Она вспоминала, каким тоном Карл говорил ей каждый вечер: «спокойной ночи».
– Судя по твоему мнению обо мне, для этого потребуется целый полк ангелов, – игриво ответил Жан.
ГЛАВА XXXV
Ирэн была счастлива. Карл был с ней, а Жан писал аккуратно каждый день. Его письма были великолепным образцом любовной переписки. Так пишут люди, часто бывающие в роли случайных любовников. Он страшно скучал без Ирэн и снова переживал первые дни их любви на расстоянии ста миль.
Карл быстро поправлялся. Часто приезжал дядя Габриэль к чаю. Бывала Ванда. Время текло незаметно. День за днем в мирном спокойствии. Дни стояли чудные, озаренные мягким осенним солнцем. Жан писал, что он поправляется и желает видеть Ирэн. Через неделю был назначен концерт в Берлине, «а здесь все время льет дождь, – писал он, – кажется, что тучи плачут, оттого что ты далеко. Музыка моя тоже улетела вместе с тобой. Подумай только, какой я теперь бледный. Щеки впали, а волосы страшно отросли. Возвращайся скорей, моя милая. Целую крепко, как люблю. Всегда и навсегда твой Жан». Дальше приписка: «Я учусь по-немецки: «Ich liebe dich». Если бы ты была здесь, я говорил бы еще лучше».
Однажды утром она получила большой пакет. В нем была серия снимков Жана в разных позах. Он действительно сильно похудел. Пора к нему ехать. Скоро они наконец будут у себя дома. Она решила ехать ночью, чтобы провести еще один вечер с Карлом. В это время гостил в замке дядя Габриэль, вместе с Амадео. Карл их очень любил обоих. Для полного счастья ему недоставало только Анжель, он радовался, что она скоро должна вернуться.
В этот последний вечер Ирэн сама купала Карла и, укладывая его в кроватку, рассказывала ему историю некоего мистера Сквирля Неткина, который, как оказалось, был англичанин и вегетарианец. Потом она спела ему песенку, начинающуюся словами: «Милый мой, любовь моя».
Всю дорогу она проклинала медленный почтовый поезд. В вагоне не было воды, а так как Жан не выносил одеколона, то приходилось выходить на каждой станции. Это мало помогало. Руки и лицо были все время в саже. С Ирэн ехала ее горничная Анастаси, чистокровная француженка, которая то и дело повторяла: «Мадам следовало бы надеть вуаль». Вообще, по ее мнению, Германия была полудикая страна.

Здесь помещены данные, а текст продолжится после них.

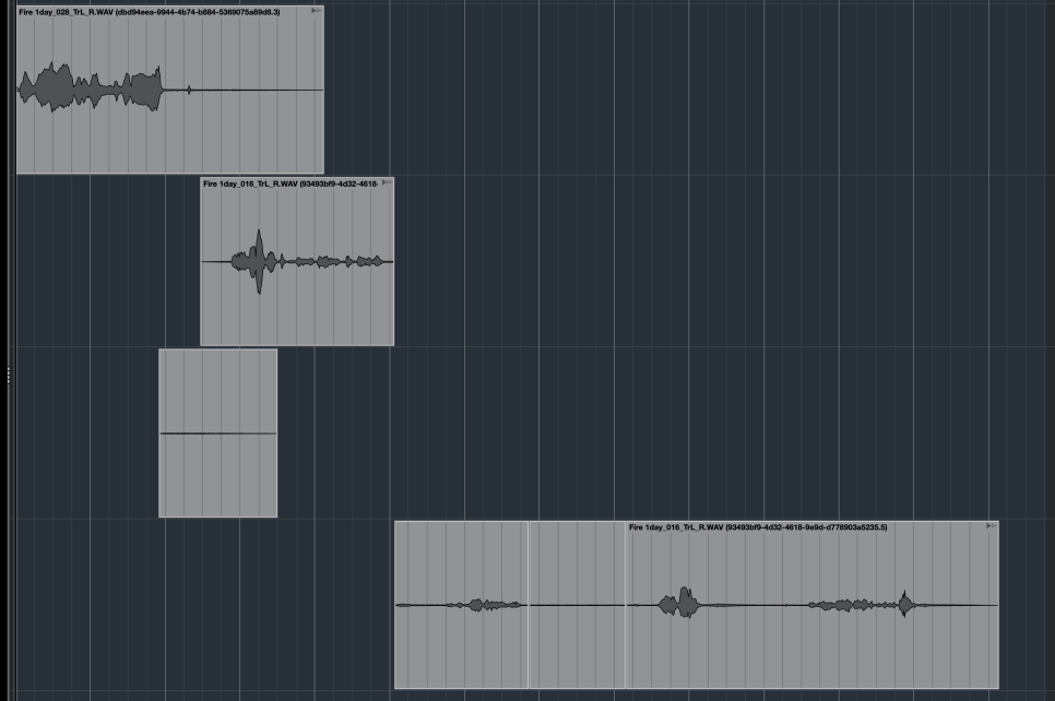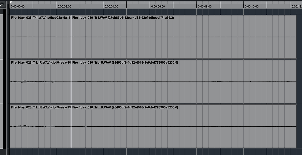 트랙이 3개인 것은 경험상, 동시녹음 당시에 트랙 생성 3개를 하는 레코더(데이터 날라가면 작살나는 영화 현장 특성상 동일한 파일에 대한 백업기능이 있는 레코더가 다수이다.) 를 사용했기 때문인데 이건 들어보면서 위상이 틀어지는지 확인해야 한다.

Так как последняя телеграмма Жана гласила: «Не надевай вуаль. Люблю», Ирэн не рискнула закрыть лицо от пыли. Вместо этого ей пришлось употреблять огромное количество воды и мыла. Он придавал очень большое значение внешности. Подъезжая к станции, она увидела его бегущим по платформе за поездом. Лицо его выражало сильное нетерпение. Сомнений не было, он действительно скучал и жаждал ее видеть. Не дожидаясь остановки поезда, он вскочил на подножку и поцеловал ее в губы через открытое окно.
– Вот почему я не хотел, чтобы ты надела вуаль, – сказал он, задыхаясь.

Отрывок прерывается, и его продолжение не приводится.